* [DIRECTIONS] Once the line holding "子代:CHN01-09-002830 01年上海市赛鸽俱乐部蚌埠大奖赛冠军" is found in the listing below, write it out and each later line exactly, up to and including the one holding "We verlaten Aragon".

* [PROVIDED INFORMATION]
§
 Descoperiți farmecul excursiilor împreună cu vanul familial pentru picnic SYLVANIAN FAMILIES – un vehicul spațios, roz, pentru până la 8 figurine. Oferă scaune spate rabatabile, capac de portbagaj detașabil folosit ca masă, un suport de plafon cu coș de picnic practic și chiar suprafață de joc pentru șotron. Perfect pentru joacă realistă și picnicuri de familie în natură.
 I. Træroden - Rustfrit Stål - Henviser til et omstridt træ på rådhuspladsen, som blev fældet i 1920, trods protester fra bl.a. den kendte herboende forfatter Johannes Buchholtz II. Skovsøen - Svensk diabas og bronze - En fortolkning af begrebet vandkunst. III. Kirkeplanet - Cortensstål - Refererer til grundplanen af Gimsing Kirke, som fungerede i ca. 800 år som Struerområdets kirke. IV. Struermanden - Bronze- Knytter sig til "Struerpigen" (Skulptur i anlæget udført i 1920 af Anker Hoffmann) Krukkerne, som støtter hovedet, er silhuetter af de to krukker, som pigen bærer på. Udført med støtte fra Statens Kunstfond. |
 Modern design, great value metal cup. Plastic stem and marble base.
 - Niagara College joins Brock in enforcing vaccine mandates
§
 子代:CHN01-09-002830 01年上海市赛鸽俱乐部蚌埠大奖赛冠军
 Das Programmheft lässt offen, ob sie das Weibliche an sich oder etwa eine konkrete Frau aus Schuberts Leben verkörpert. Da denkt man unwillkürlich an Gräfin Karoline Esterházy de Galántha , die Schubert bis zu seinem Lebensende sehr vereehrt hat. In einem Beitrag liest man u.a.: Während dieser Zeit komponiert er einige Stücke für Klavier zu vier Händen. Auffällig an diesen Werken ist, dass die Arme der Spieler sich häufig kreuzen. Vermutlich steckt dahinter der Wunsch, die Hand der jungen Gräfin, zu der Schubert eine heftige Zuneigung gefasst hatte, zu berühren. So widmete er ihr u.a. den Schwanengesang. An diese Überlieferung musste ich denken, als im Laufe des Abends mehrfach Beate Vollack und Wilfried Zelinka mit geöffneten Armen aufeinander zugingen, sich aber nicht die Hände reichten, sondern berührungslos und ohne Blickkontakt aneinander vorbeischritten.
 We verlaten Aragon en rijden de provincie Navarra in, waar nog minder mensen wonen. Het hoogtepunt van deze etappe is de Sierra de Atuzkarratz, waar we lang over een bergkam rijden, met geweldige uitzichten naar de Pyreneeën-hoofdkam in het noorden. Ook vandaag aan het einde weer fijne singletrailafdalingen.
§
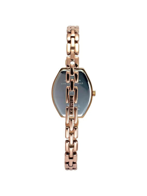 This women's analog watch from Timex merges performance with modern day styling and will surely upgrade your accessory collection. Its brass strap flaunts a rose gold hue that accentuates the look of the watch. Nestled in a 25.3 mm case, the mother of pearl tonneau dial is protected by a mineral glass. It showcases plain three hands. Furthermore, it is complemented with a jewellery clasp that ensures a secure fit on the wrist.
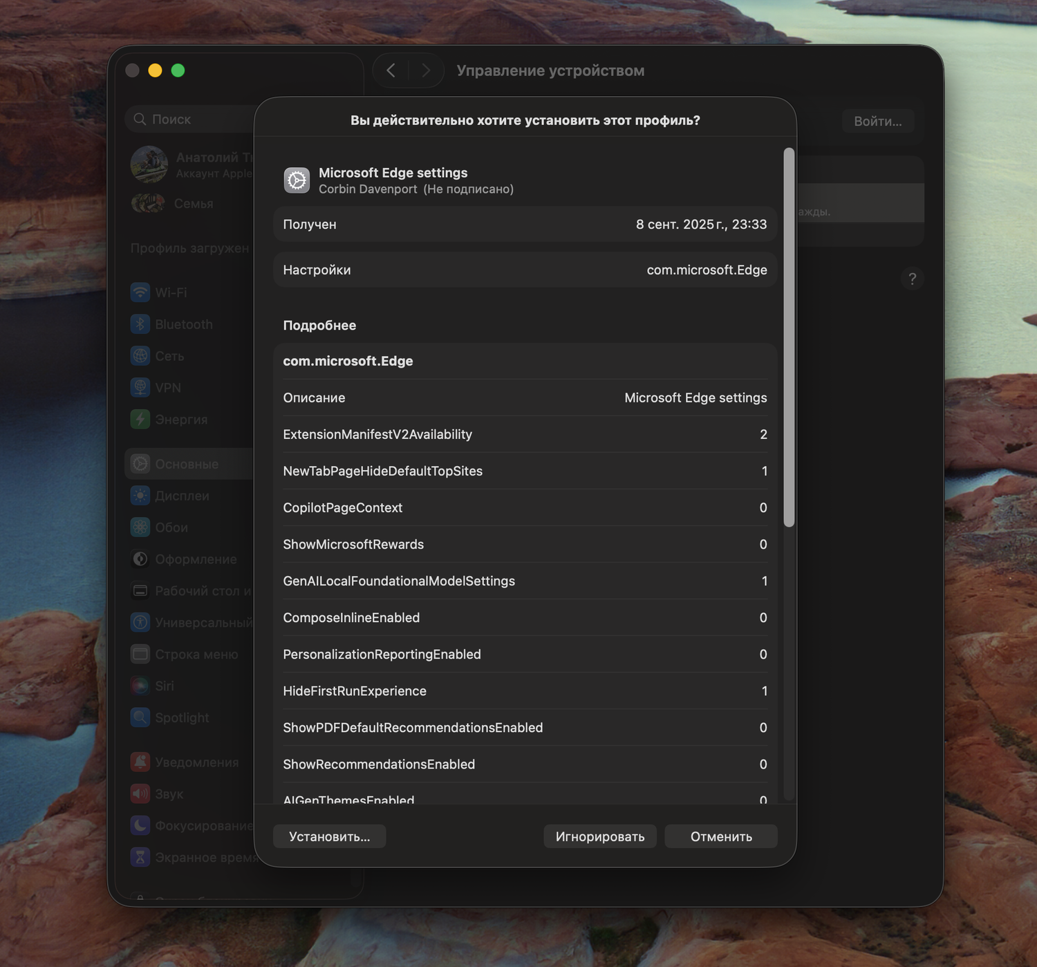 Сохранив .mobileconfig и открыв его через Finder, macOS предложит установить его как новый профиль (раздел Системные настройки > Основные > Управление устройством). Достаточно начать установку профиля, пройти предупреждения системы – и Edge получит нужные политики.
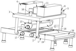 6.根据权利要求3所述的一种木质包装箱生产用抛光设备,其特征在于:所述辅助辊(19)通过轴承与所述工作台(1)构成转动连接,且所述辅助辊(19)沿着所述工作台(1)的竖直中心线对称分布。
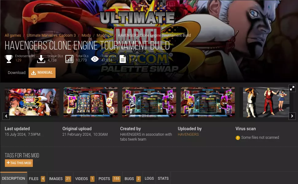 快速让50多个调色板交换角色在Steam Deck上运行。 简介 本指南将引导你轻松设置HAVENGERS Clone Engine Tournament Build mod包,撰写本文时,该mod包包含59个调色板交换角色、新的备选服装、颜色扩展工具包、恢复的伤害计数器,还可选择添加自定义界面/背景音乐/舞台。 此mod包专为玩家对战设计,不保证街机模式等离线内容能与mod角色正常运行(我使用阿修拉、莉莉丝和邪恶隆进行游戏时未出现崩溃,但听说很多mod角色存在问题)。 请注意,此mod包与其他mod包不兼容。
§
* [TASK RESPONSE]
 子代:CHN01-09-002830 01年上海市赛鸽俱乐部蚌埠大奖赛冠军
 Das Programmheft lässt offen, ob sie das Weibliche an sich oder etwa eine konkrete Frau aus Schuberts Leben verkörpert. Da denkt man unwillkürlich an Gräfin Karoline Esterházy de Galántha , die Schubert bis zu seinem Lebensende sehr vereehrt hat. In einem Beitrag liest man u.a.: Während dieser Zeit komponiert er einige Stücke für Klavier zu vier Händen. Auffällig an diesen Werken ist, dass die Arme der Spieler sich häufig kreuzen. Vermutlich steckt dahinter der Wunsch, die Hand der jungen Gräfin, zu der Schubert eine heftige Zuneigung gefasst hatte, zu berühren. So widmete er ihr u.a. den Schwanengesang. An diese Überlieferung musste ich denken, als im Laufe des Abends mehrfach Beate Vollack und Wilfried Zelinka mit geöffneten Armen aufeinander zugingen, sich aber nicht die Hände reichten, sondern berührungslos und ohne Blickkontakt aneinander vorbeischritten.
 We verlaten Aragon en rijden de provincie Navarra in, waar nog minder mensen wonen. Het hoogtepunt van deze etappe is de Sierra de Atuzkarratz, waar we lang over een bergkam rijden, met geweldige uitzichten naar de Pyreneeën-hoofdkam in het noorden. Ook vandaag aan het einde weer fijne singletrailafdalingen.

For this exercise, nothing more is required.